Tom Stander Builds a Firm Foundation Working in Historic Weeping Water Limestone

Shannon Carey

Photos Courtesy Weeping Water Stone Works

Weeping Water town sign, designed and built by Stander using the local limestone that made Weeping Water famous.

Above: Weeping Water town sign, designed and built by Stander using the local limestone that made Weeping Water famous. 

Limestone medallion in dry set patio flags. Stander: “The stone in these photos is all limestone from Weeping Water. The gold colored limestone is found close to the surface in ledges and has been harvested since the mid 1800s; the white colored vine table is from the mines which have been quarried since the mid 1950s.”

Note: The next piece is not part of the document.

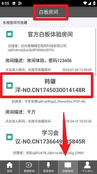 4、点选下方「白板房间」可进入图文互动区,适用于远程讲解、演示或头脑风暴等协作会议。

Above: Limestone medallion in dry set patio flags. Stander: “The stone in these photos is all limestone from Weeping Water. The gold colored limestone is found close to the surface in ledges and has been harvested since the mid 1800s; the white colored vine table is from the mines which have been quarried since the mid 1950s.”

Some of Stander’s tools of the trade against a repaired wall using recovered stone.

Above: Some of Stander’s tools of the trade against a repaired wall using recovered stone.

Weeping Water limestone also is carveable. Stander uses it for memorials, headstones, and functional decorative pieces like this bowl and vine table.

Above: Weeping Water limestone also is carveable. Stander uses it for memorials, headstones, and functional decorative pieces like this bowl and vine table.

The quarry town of Weeping Water lies close to the Missouri River in southeastern Nebraska, and it’s a town with two well-kept secrets: a special “living rock” limestone and the mason-turned-sculptor who loves it.

Tom Stander runs the one-man show that is Weeping Water Stone Works, and he’s taken up the cause of this often-discarded stone that he calls Weeping Water Wall Stone. Gold in color, the stone comes in ledges that local quarries strip away to get at deeper, whiter layers of stone. Stander said the gold stone was used locally as a building stone, but it stopped being used in the 1920s or 1930s. It forms much of the historic infrastructure of Weeping Water itself, including the Weeping Water Academy, the Weeping Water Congregational Church, and even parts of the Fort Crook House in Omaha.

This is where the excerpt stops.